Конечно, по прежним меркам Наташу можно считать перестарком. Да и теперь тоже, глядишь, сопливые девчонки, только нос подолом перестали вытирать, а уже замужем, с детьми нянчатся.
Наташа в кино или на артистов в клуб сходит, а так все дома да дома. Много ли дома высидишь? Только куда и пойти? На танцы в ее возрасте не ходят. Хоть и красивая, хоть и молодая с виду, а все-таки с пацанами не будешь отплясывать. К тому же — учительница.
Эх, дураки мужичье: такую невесту проглядели. И ласковая, и послушная. А уж опрятная — поискать. Другая на ее месте давно бы либо ведьмой, либо гуленой какой стала. С двумя-то стариками молодой девушке шутка ли жить…
Филипп Трофимович никому не говорил, даже жене, но как-то будто по делу — помочь сарай перестроить — позвал своего помощника. Знал, что он парень неженатый и хоть ростом не вышел, в остальном ничего: скромный, работящий, жену не обидит — не тот характер. Пройдет время, притрутся — и пара с Натальей не хуже других получится.

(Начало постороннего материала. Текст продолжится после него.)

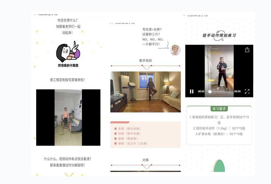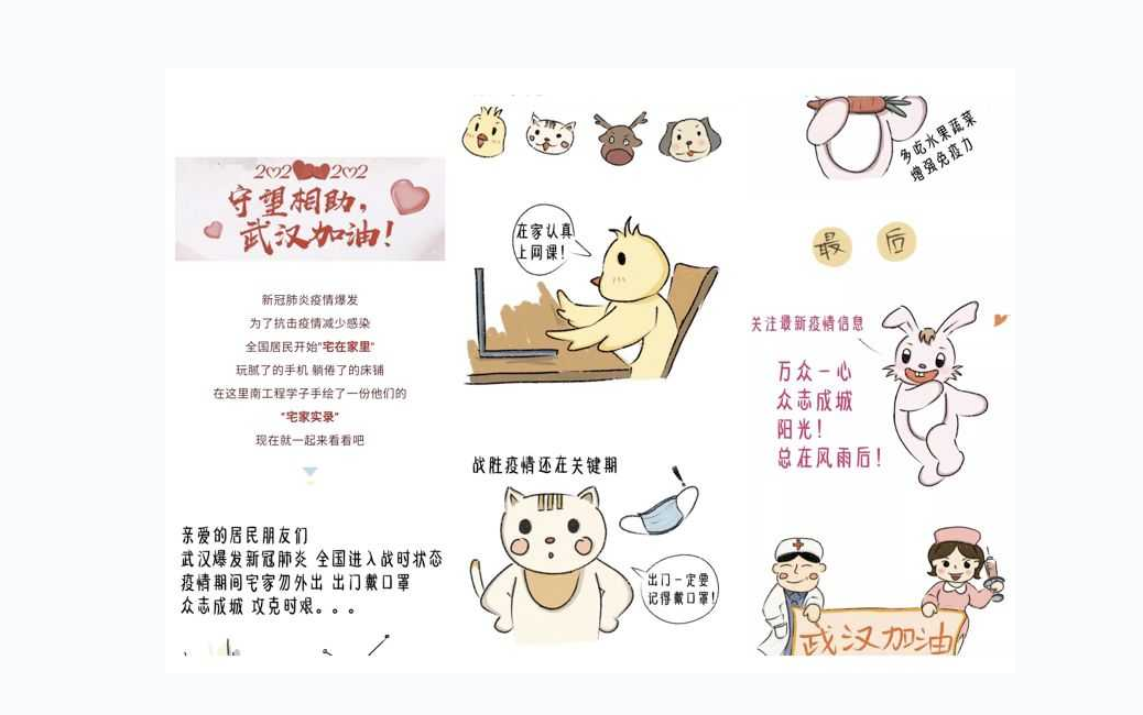 学校加强宣传引导,努力营造万众一心、众志成城的舆论氛围。统筹校内媒体,在微信公众号上开设“疫情防控”专栏,加大信息发布力度,深入宣传中央决策部署、疫情防控知识、学校防控安排,积极回应师生关切,增强战胜疫情的决心与信心。学校体育部为师生录制了居家运动指南(包括南工程定制版“宅家操”,足球、乒乓球、毽球),尽心设计张弛有度的动作,指导师生居家锻炼,提高免疫力;学生创作了手绘版漫画“宅家实录”,通过生动的表现形式引导师生“宅在家里”科学防疫。

Филипп Трофимович работал на заводе в поселке за рекой. Работа кузнецкая нелегкая, но зато были у него и почет и уважение от начальства и от своего брата рабочего. Мечталось ему подготовить добрую замену на свое место, такого, чтоб люди потом его хорошим словом вспомнили, что позаботился о заводе, не просто так — взял да ушел.
Помощник — Геннадием его звали — толковый парень, выйдет из него замена. Серьезный, зря языком не болтает, к работе охоту имеет. Так что и породниться с ним не стыдно.